A Sudoku Solving Algorithm which utilises Constraint Propagation in order to more efficiently determine the solution to a Sudoku puzzle.
Forward Checking is implemented which prevents future conflicts. This is achieved by storing a set of possible values for a position which does not have a final value. This is propogated for the rest of the Sudoku and so the possible values for a position are greatly reduced.
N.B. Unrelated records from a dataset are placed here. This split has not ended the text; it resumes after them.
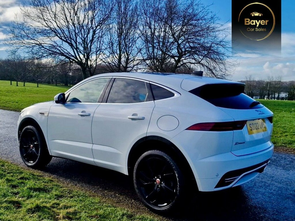 This 2022 Jaguar E-PACE P300e R-Dynamic SE offers an exceptional blend of performance and efficiency. As a Euro 6 compliant plug in hybrid, this Four Wheel Drive model boasts a 1.5 litre petrol engine, delivering an impressive 0-60mph time of just 6.1 seconds. The R-Dynamic SE trim enhances its appeal with a Fixed Panoramic Roof, providing an airy and open cabin experience. Further complementing its sophisticated design is the Black Exterior Pack, which adds a touch of assertive styling. The driving experience is further refined by Premium LED Headlights featuring Signature Daytime Running Lights, complete with animated directional indicators for both front and rear, and Auto High Beam Assist for effortless night driving. Parking is made simple with a Rear Camera and Front and Rear Parking Aid, ensuring confidence in all manoeuvres. These features collectively demonstrate the E-PACE's advanced technology and thoughtful design, setting it apart from other vehicles in its class. 11.4in Touchscreen, 12-Way Driver Memory and 10-Way Passenge, 19in Alloy Wheels - 5 Spoke Satin Dark G, 2-Zone Climate Control, 3-Flash Lane Change Indicators, 40-20-40 Split Fold Rear Seat, ABS - Anti-locking Braking System, Adaptive Cruise Control, Airbags - Front Side, Airbags - Full Length Side Window Curtai, Analogue Dials with Central TFT Display, Android Auto, Apple CarPlay, Approach Illumination, ASPC - All Surface Progress Control, Auto-Dimming Interior Rear View Mirror, Automatic Headlights, Black Exterior Pack, Blind Spot Assist, Body Coloured Roof, Bright Metal Pedals, Cabin Lighting, Carpet Mats, Centre Console with Armrest, Centre High-Mounted Stop Light, Configurable Dynamics,
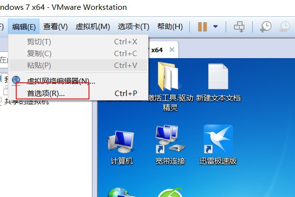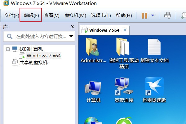 1.单击虚拟机界面左上角的编辑,如下图所示。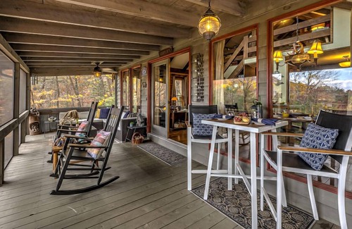 Outdoor - 1st covered screened in porch, hot tub seats 4, gas grill, outdoor dining seats 4; 2nd covered screened in porch, L-shaped seating area, 2 rocking chairs, outdoor dining table seats 2; sun deck, 2 chaise lounges great for star gazing; hiking outside your door where you can walk the circular driveway and the mountain road with incredible views plus you're 2 miles from Aska Road Hiking Trails and 4 miles to Fall Branch Falls off Aska Road

This means that we only try valid values and discount those already set in the row, column and square.
Utilising several datasets found at http://magictour.free.fr/sudoku.htm.
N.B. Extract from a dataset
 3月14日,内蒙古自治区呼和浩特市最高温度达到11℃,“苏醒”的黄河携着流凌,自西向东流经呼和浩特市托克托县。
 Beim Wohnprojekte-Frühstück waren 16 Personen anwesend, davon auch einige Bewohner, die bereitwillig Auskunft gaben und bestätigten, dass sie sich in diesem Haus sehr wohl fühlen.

| Dataset | # Puzzles | # Solved | Average Solve Time (s) | Maximum Solve Time (s) |
|---|---|---|---|---|
| top95 | 95 | 95 | 0.7366267738526316 | 9.169138592 |
| topn87 | 87 | 87 | 0.5242678814942529 | 5.606698960999999 |
| topn234 | 234 | 234 | 0.7892137054102566 | 21.929735709 |
| top1465 | 1465 | 1465 | 0.25345617703344697 | 21.777229609000003 |
A K-Puzzle Solving Algorithm which utliises a general AI methodology known as the A* Search Algorithm.
Efficiently solves 8-puzzles (3x3 tiles) - a variation of a 15 puzzle.